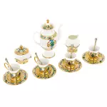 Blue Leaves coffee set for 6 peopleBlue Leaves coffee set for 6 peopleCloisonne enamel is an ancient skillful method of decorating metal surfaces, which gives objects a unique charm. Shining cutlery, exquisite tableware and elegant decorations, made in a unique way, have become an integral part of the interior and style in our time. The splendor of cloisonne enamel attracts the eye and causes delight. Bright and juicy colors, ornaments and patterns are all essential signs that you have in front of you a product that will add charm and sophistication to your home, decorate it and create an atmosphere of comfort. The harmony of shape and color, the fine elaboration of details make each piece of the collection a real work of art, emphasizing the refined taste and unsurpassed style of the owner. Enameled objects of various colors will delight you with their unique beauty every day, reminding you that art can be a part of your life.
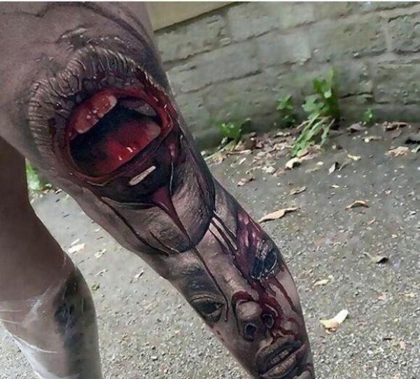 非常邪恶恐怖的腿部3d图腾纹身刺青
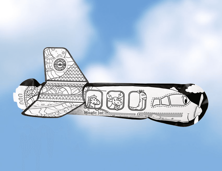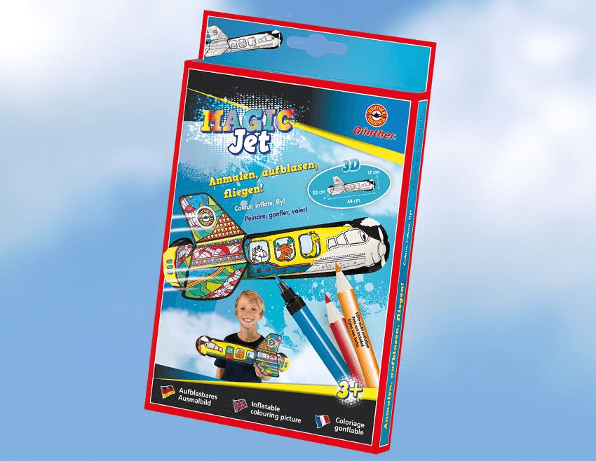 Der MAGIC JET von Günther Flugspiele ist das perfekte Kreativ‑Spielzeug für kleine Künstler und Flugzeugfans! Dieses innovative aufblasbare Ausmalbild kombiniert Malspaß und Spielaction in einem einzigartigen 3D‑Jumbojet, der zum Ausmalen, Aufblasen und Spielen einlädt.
========
▸ Exercise instructions
Please retype the data exactly. The pictures do not go in.

▸ Answer box
 Blue Leaves coffee set for 6 peopleBlue Leaves coffee set for 6 peopleCloisonne enamel is an ancient skillful method of decorating metal surfaces, which gives objects a unique charm. Shining cutlery, exquisite tableware and elegant decorations, made in a unique way, have become an integral part of the interior and style in our time. The splendor of cloisonne enamel attracts the eye and causes delight. Bright and juicy colors, ornaments and patterns are all essential signs that you have in front of you a product that will add charm and sophistication to your home, decorate it and create an atmosphere of comfort. The harmony of shape and color, the fine elaboration of details make each piece of the collection a real work of art, emphasizing the refined taste and unsurpassed style of the owner. Enameled objects of various colors will delight you with their unique beauty every day, reminding you that art can be a part of your life.
 非常邪恶恐怖的腿部3d图腾纹身刺青
 Der MAGIC JET von Günther Flugspiele ist das perfekte Kreativ‑Spielzeug für kleine Künstler und Flugzeugfans! Dieses innovative aufblasbare Ausmalbild kombiniert Malspaß und Spielaction in einem einzigartigen 3D‑Jumbojet, der zum Ausmalen, Aufblasen und Spielen einlädt.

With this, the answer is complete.